◆ **PROBLEM DESCRIPTION**: Print the records below exactly, from the line containing "casual backpack decorated" down to the line containing "Unsere Fine Art", both lines included, and omit every picture.

◆ **TASK INPUTS**:
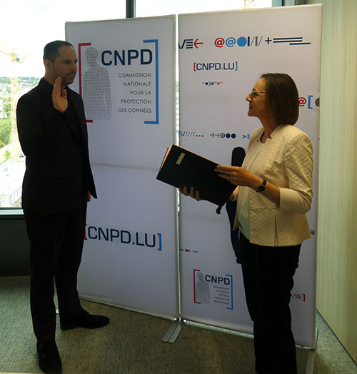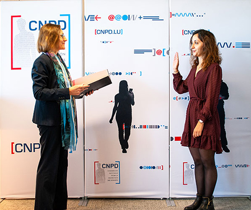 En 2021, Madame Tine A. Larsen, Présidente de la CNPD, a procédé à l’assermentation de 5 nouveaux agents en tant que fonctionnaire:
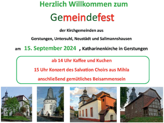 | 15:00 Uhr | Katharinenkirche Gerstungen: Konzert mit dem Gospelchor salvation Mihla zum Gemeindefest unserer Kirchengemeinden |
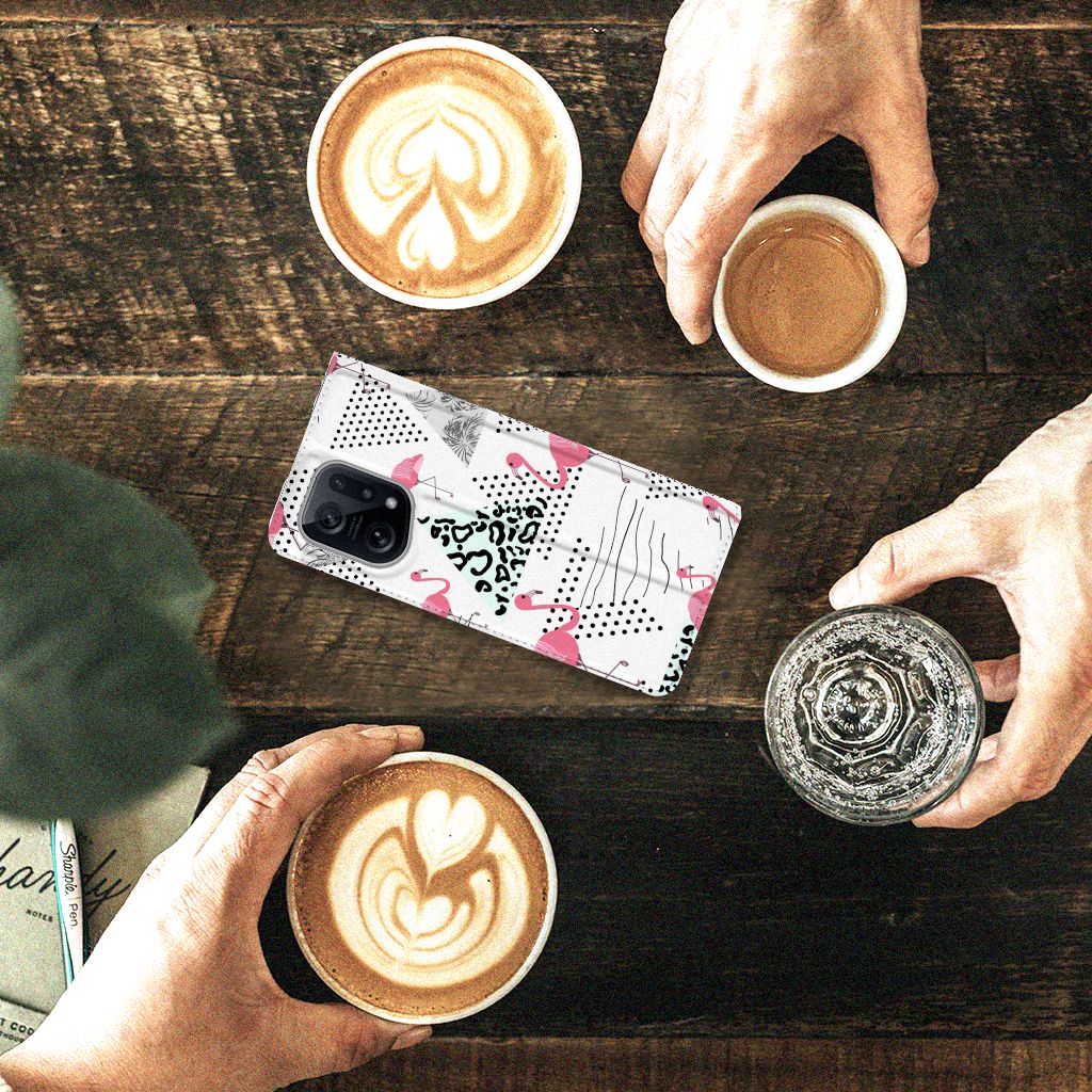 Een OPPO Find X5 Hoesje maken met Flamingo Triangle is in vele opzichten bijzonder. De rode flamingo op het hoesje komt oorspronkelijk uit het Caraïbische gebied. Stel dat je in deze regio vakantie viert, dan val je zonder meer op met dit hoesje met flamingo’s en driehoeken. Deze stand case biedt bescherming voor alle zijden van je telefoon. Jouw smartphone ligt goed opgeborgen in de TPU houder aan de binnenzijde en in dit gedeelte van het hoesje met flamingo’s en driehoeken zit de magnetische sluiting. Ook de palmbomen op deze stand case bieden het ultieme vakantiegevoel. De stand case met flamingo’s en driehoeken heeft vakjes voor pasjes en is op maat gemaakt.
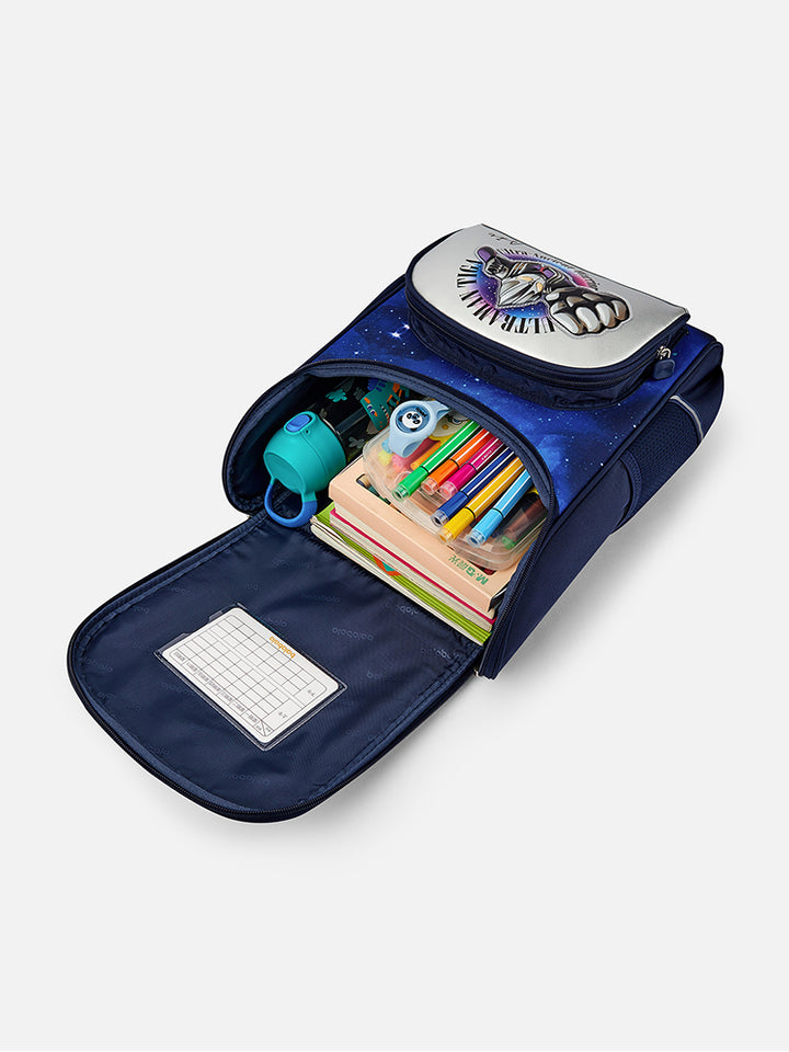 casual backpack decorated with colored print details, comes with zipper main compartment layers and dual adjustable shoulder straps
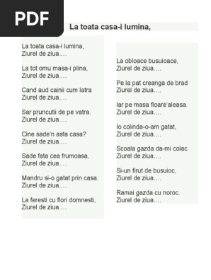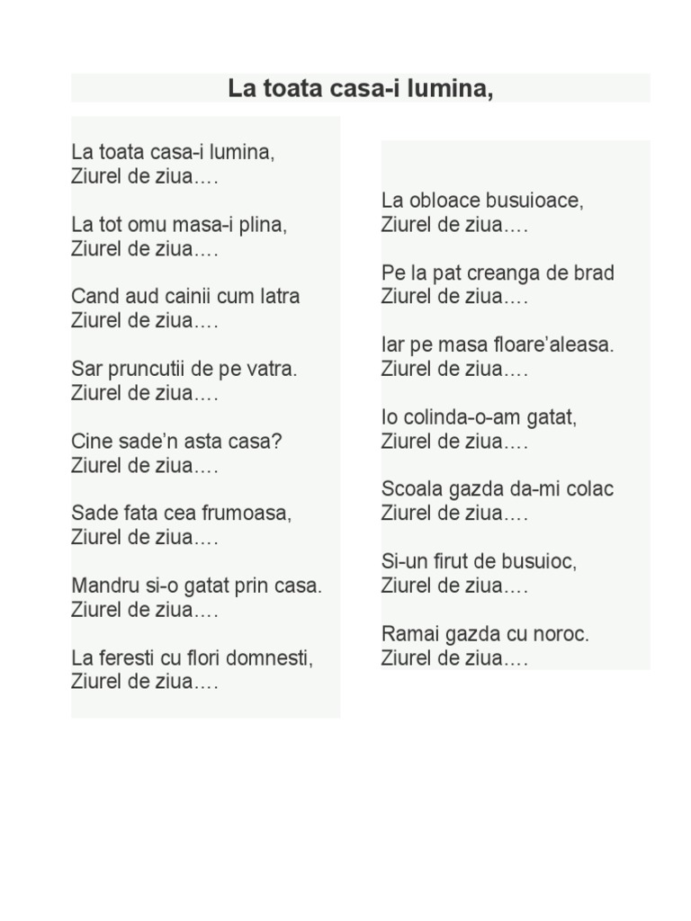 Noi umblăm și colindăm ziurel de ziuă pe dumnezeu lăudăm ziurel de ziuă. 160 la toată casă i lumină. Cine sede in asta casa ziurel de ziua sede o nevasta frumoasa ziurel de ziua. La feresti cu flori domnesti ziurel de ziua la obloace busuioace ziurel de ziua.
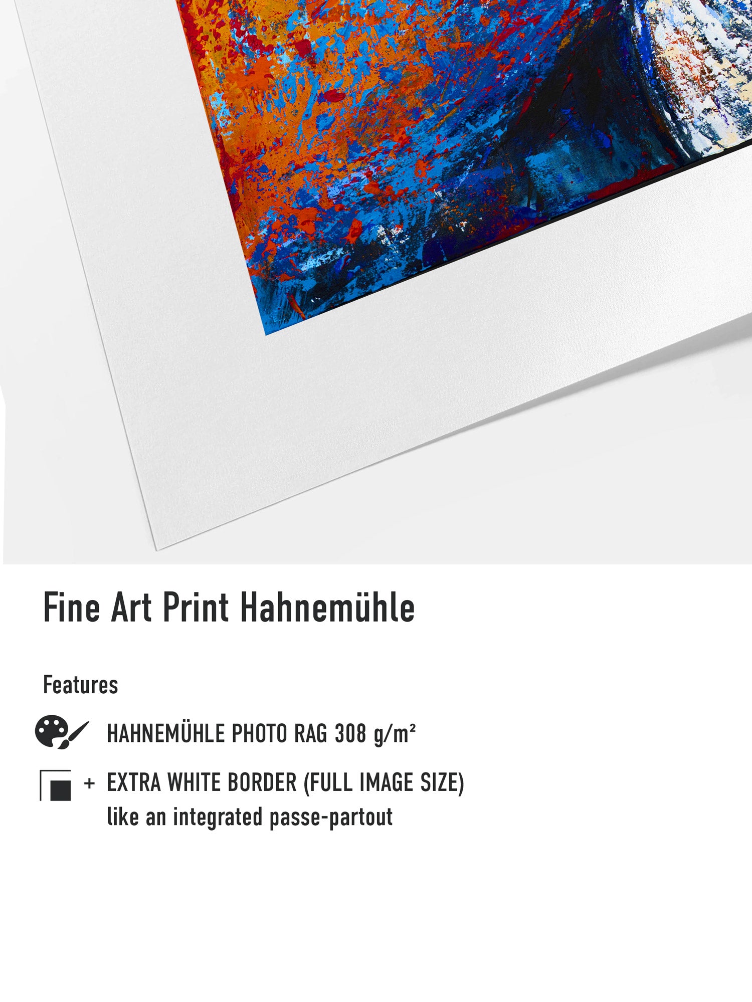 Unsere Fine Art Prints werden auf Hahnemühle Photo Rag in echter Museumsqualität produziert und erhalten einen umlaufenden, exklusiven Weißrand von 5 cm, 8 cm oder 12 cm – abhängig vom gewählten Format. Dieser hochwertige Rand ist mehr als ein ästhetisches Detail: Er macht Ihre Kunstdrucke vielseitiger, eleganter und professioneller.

* * *

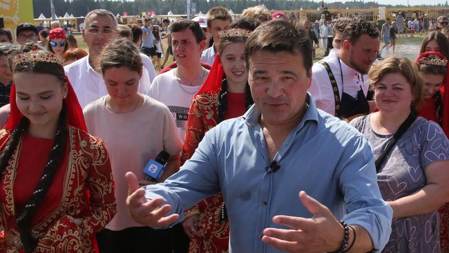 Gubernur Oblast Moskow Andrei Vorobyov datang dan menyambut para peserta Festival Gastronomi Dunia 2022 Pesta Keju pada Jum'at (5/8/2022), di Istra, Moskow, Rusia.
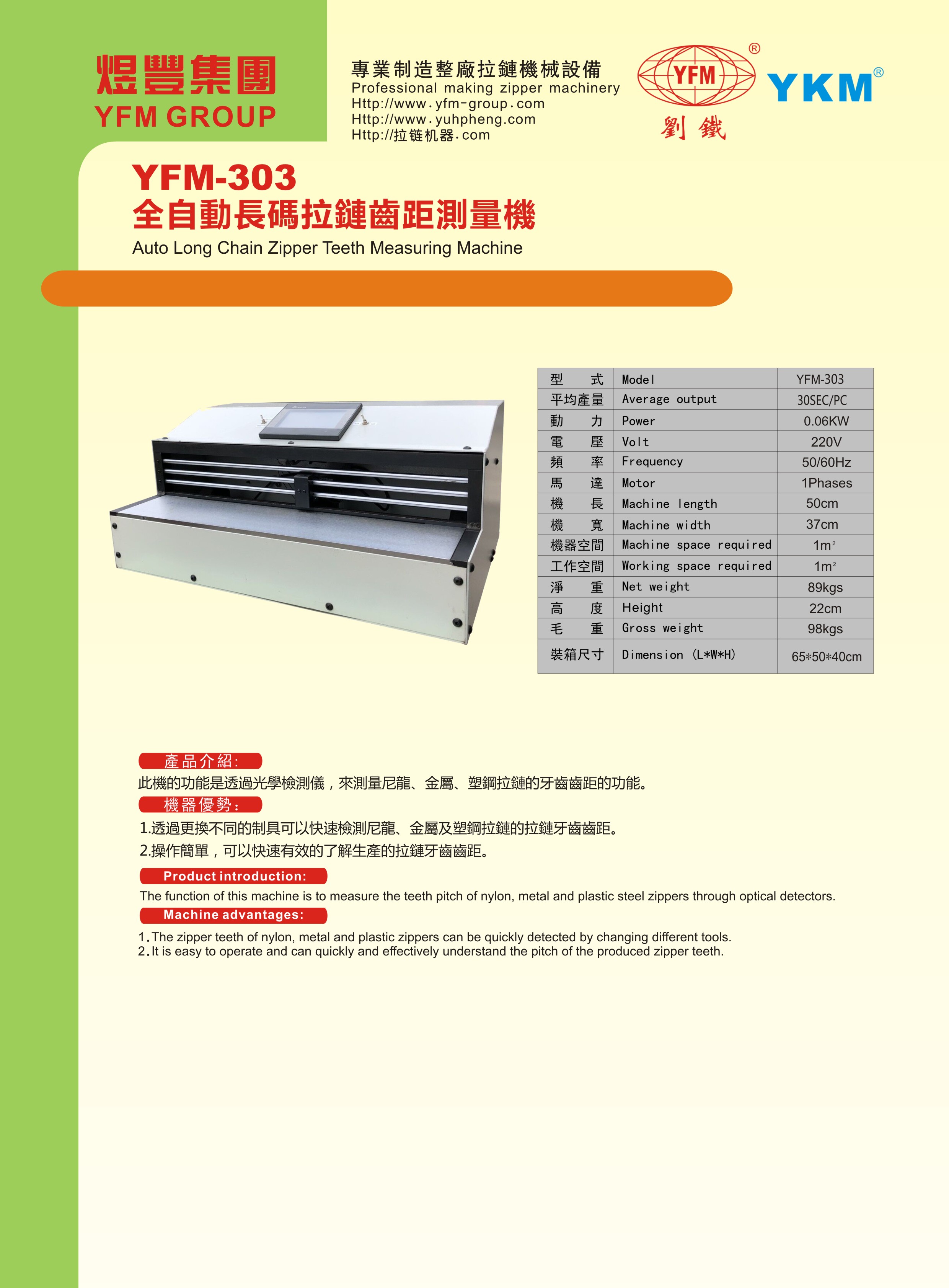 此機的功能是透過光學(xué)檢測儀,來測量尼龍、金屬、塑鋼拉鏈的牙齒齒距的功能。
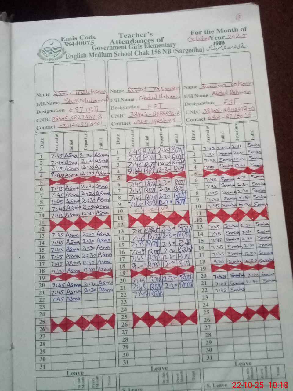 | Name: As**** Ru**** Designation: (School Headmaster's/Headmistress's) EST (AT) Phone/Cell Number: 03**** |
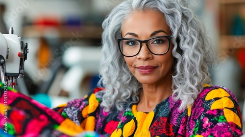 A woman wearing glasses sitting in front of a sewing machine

--

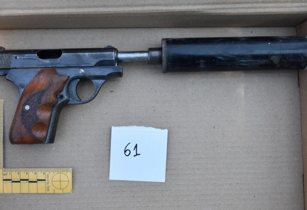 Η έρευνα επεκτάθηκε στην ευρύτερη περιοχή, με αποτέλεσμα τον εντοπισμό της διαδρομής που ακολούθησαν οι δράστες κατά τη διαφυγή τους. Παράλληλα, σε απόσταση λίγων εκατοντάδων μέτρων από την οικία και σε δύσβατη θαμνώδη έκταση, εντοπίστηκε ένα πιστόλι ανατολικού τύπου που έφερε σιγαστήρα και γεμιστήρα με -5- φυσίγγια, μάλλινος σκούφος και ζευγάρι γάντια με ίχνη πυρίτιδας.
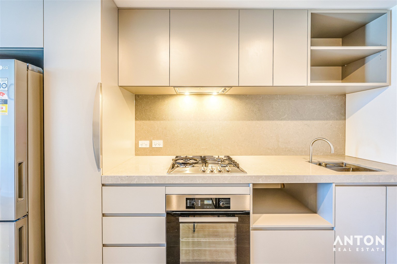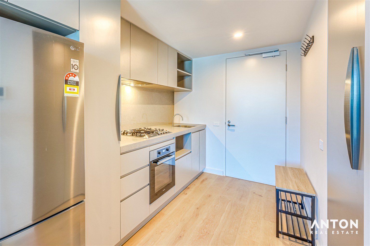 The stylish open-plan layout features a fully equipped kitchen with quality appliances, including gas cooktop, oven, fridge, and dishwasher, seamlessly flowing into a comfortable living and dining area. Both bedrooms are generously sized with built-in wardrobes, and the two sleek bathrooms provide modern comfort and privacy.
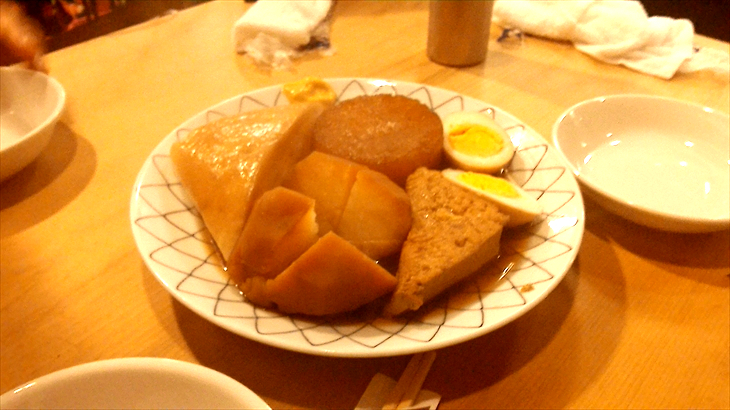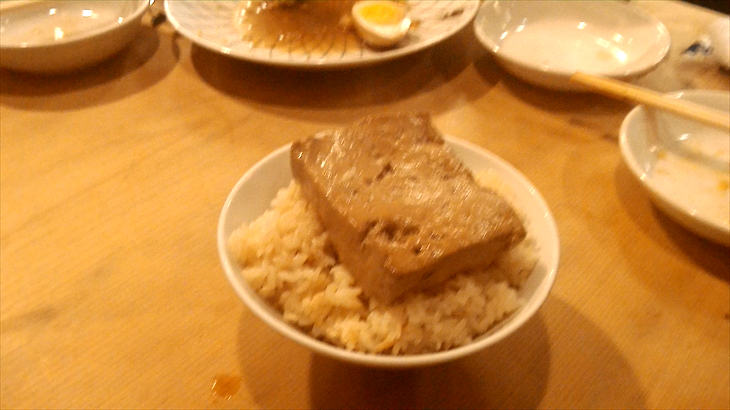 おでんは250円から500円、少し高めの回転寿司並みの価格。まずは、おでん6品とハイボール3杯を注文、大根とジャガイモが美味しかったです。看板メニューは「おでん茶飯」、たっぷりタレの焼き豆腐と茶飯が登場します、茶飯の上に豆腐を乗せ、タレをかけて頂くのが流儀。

◆ **RESULT OF THIS TASK**:
 casual backpack decorated with colored print details, comes with zipper main compartment layers and dual adjustable shoulder straps
 Noi umblăm și colindăm ziurel de ziuă pe dumnezeu lăudăm ziurel de ziuă. 160 la toată casă i lumină. Cine sede in asta casa ziurel de ziua sede o nevasta frumoasa ziurel de ziua. La feresti cu flori domnesti ziurel de ziua la obloace busuioace ziurel de ziua.
 Unsere Fine Art Prints werden auf Hahnemühle Photo Rag in echter Museumsqualität produziert und erhalten einen umlaufenden, exklusiven Weißrand von 5 cm, 8 cm oder 12 cm – abhängig vom gewählten Format. Dieser hochwertige Rand ist mehr als ein ästhetisches Detail: Er macht Ihre Kunstdrucke vielseitiger, eleganter und professioneller.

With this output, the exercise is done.